So, in the last of this series (and to be honest this one is a little late in appearing), I’m going to take a brief look at colour, or to be precise lack thereof and share some information about black and white conversion.
In my other posts on headshots, I have talked about many different things to consider when putting together your profile shot, what you can do for yourself and what you can do using pro equipment (and possibly even a pro photographer!).
As I write this however, access to a pro photographer is a bit limited and without that haircut, we might not be presenting at our best – unless you have a hairstyle like mine of course, nothing that a handy pair of clippers can’t put right.
You will have photos though, and one technique that you might like to try is to make them into black and white, just to freshen them up a bit and present a new you.

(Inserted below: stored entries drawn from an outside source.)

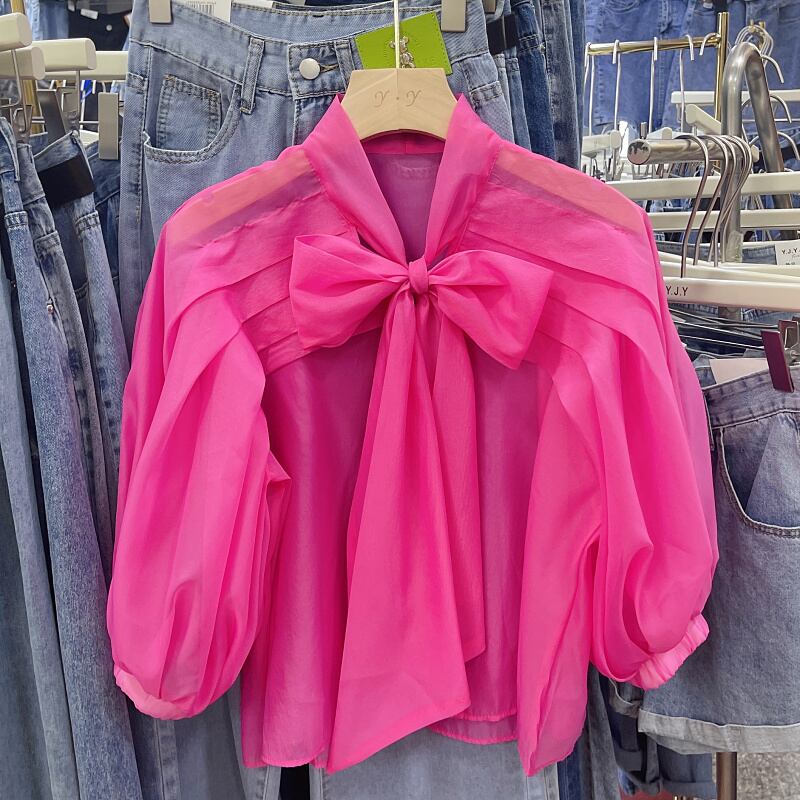 Nomikuma 蝶ネクタイカラー女性シャツ 2022 夏パフスリーブブラウストップス因果ひだデモーダ リボン サマー 夏物 kor45742219084
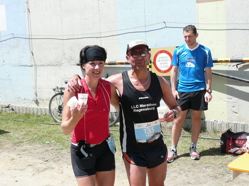 Dann sehe ich einen Laufkollegen, der sich eine Deutschlandfahne umgebunden hat. „Du bringst ja deine überschüssige Wärme da nicht weg,“ so ein Fingerzeig von mir. Er schaut fragend. „Mir würde da jetzt das A…Wasser kochen,“ so meine Antwort. Lautes brüllendes Lachen folgt.
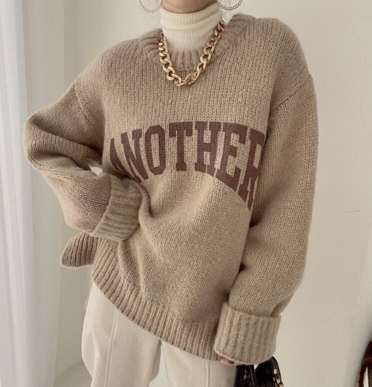 【送料無料】 セーター プリントセーター ミディアム丈 長袖 萌袖 ラウンドネック サイドスリット 韓国 レディース オルチャン 可愛い かわいい 大人可愛い シンプル カジュアル 大人 おしゃれ お洒落 オトナ女子 こなれ感 ラフ ルーズ メンズライク 主役級 存在感 S M L XL 2XL ゆったり ホワイト 白 ピンク グレー カーキ 無地 プリント 秋 冬 10代 20代 30代 女性用 ママ OL 通勤 通学 デート 公園デビュー 女子会 旅行 着回し 普段使い 重ね着
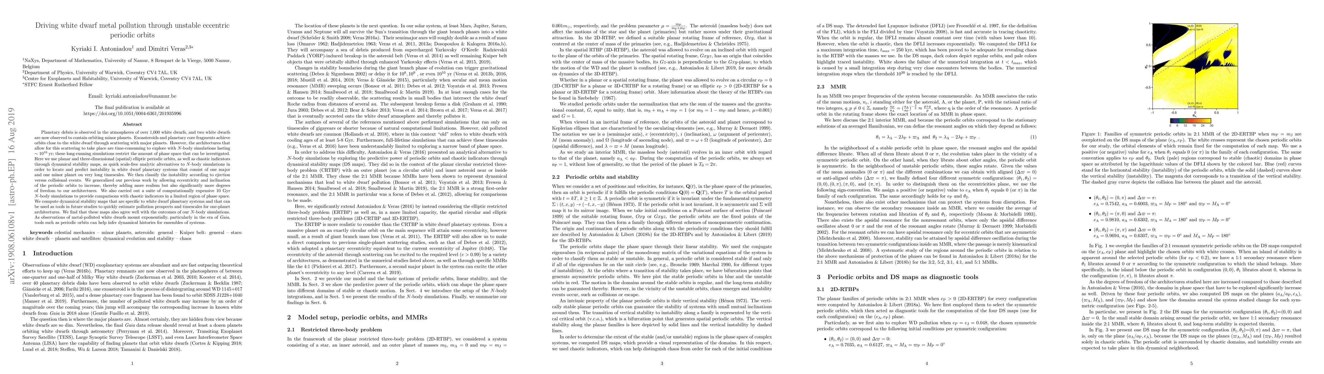 Planetary debris is observed in the atmospheres of over 1,000 white dwarfs, and two white dwarfs are now observed to contain orbiting minor planets. Exoasteroids and planetary core fragments achieve orbits close to the white dwarf through scattering with major planets. However, the architectures that allow for this scattering to take place are time-consuming to explore with $N$-body simulations lasting $\sim 10^{10}$ yr; these long-running simulations restrict the amount of phase space that can be investigated. Here we use planar and three-dimensional (spatial) elliptic periodic orbits, as well as chaotic indicators through dynamical stability maps, as quick scale-free analytic alternatives to $N$-body simulations in order to locate and predict instability in white dwarf planetary systems that consist of one major and one minor planet on very long timescales. We then classify the instability according to ejection versus collisional events. We generalized our previous work by allowing eccentricity and inclination of the periodic orbits to increase, thereby adding more realism but also significantly more degrees of freedom to our architectures. We also carried out a suite of computationally expensive 10 Gyr $N$-body simulations to provide comparisons with chaotic indicators in a limited region of phase space. We compute dynamical stability maps that are specific to white dwarf planetary systems and that can be used as tools in future studies to quickly estimate pollution prospects and timescales for one-planet architectures. We find that these maps also agree well with the outcomes of our $N$-body simulations. As observations of metal-polluted white dwarfs mount exponentially, particularly in the era of Gaia, tools such as periodic orbits can help infer dynamical histories for ensembles of systems.
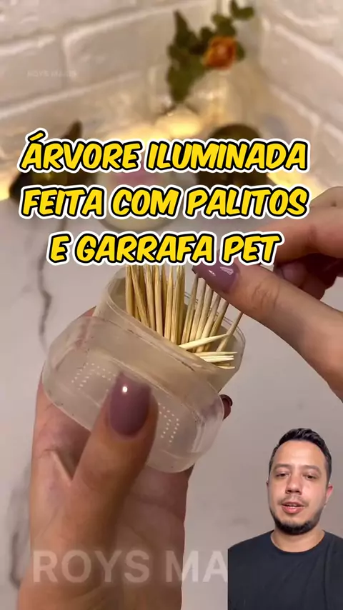 Árvore iluminada feita com palitos e garrafa PET Palitos na bolinha, base de PET em triângulo, furos, encaixes e LED dentro. O resultado vira uma árvore linda, leve e super criativa pra decorar! #dicas #dicastechcesar #decoração #criatividade #natal
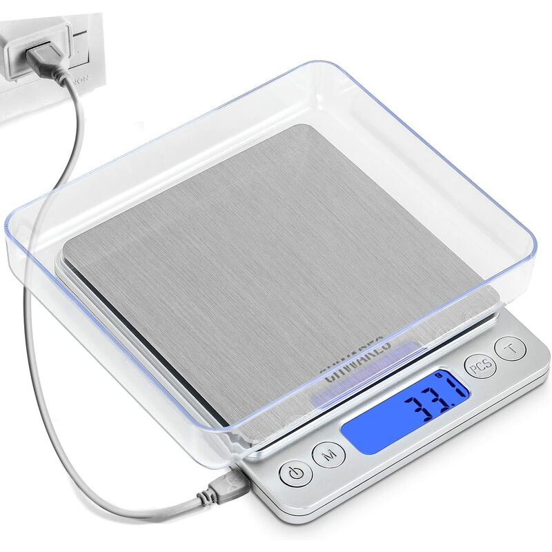 Ricarica USB con batteria al litio integrata. ALTA PRECISIONE: costruito con un sistema di sensori ad alta precisione, offre risultati immediati e precisi. Perfetto per misurare ingredienti, acqua, latte, lettere. Facile da pulire e da usare, è ideale per case, cucine. MULTIFUNZIONE: include la funzione di tara istantanea e automatica per una facile misurazione. Converti rapidamente e facilmente i risultati delle misurazioni in qualsiasi momento tra g, oz, lb, ml, kg, ml di latte con la semplice pressione di un solo pulsante. AMPIA GAMMA DI PESATURA: la bilancia da cucina digitale pesa tra 0,1 g e 3000 g, che si adatta a una varietà di articoli. DESIGN PORTATILE E DISPLAY RETROILLUMINATO: il design minimalista ed elegante rende elegante la bilancia elettronica per alimenti. Dotato di un display LCD ampio e chiaro con retroilluminazione bianca, puoi ottenere facilmente una lettura accurata. RISPARMIO ENERGETICO: ricarica USB, ricaricabile tramite USB. Dispone di indicazione di batteria

Even if you only have access to more elementary photo software, you should be able to find a simple one-click black and white and make a difference like this
In some ways, an instant result and depending on the software you use, you may well get something you like. However, for me, this image is lacking something and is rather dull, so it needs some further adjustment, and this is where the colour channels come into their own. Sounds odd right, when you want black and white, but it is the case. That, and a bit of contrast. This image has a lot of red and orange in it and a fair amount of blue, very little green and yellow. So adjusting the red and orange particularly, makes a big difference to the skin tones in the photo whilst preserving other parts.
I’ve made two further versions here. One generally more suited to male faces with harsher skin tones and the other version which favours the female with softened skin tones and a little more “glow”. Please don’t think me sexist here, either style works for either gender and we all have our preferences, what I have stated is the oft held view. The picture on the right has the softer tones, and with a touch less blue the t shirt is noticeably darker without affecting the rest of the image – which do you prefer?
It’s always the case that less is more and very easy to overdo the effects, so be mindful of that.
Furthermore, there is the middle ground which can help you to stand out some more and that is the muted colour effect, just draining some of the saturation out of the image to give something like this
Personally, I like this style, but there is no wrong answer and that is one of the beauties of photography.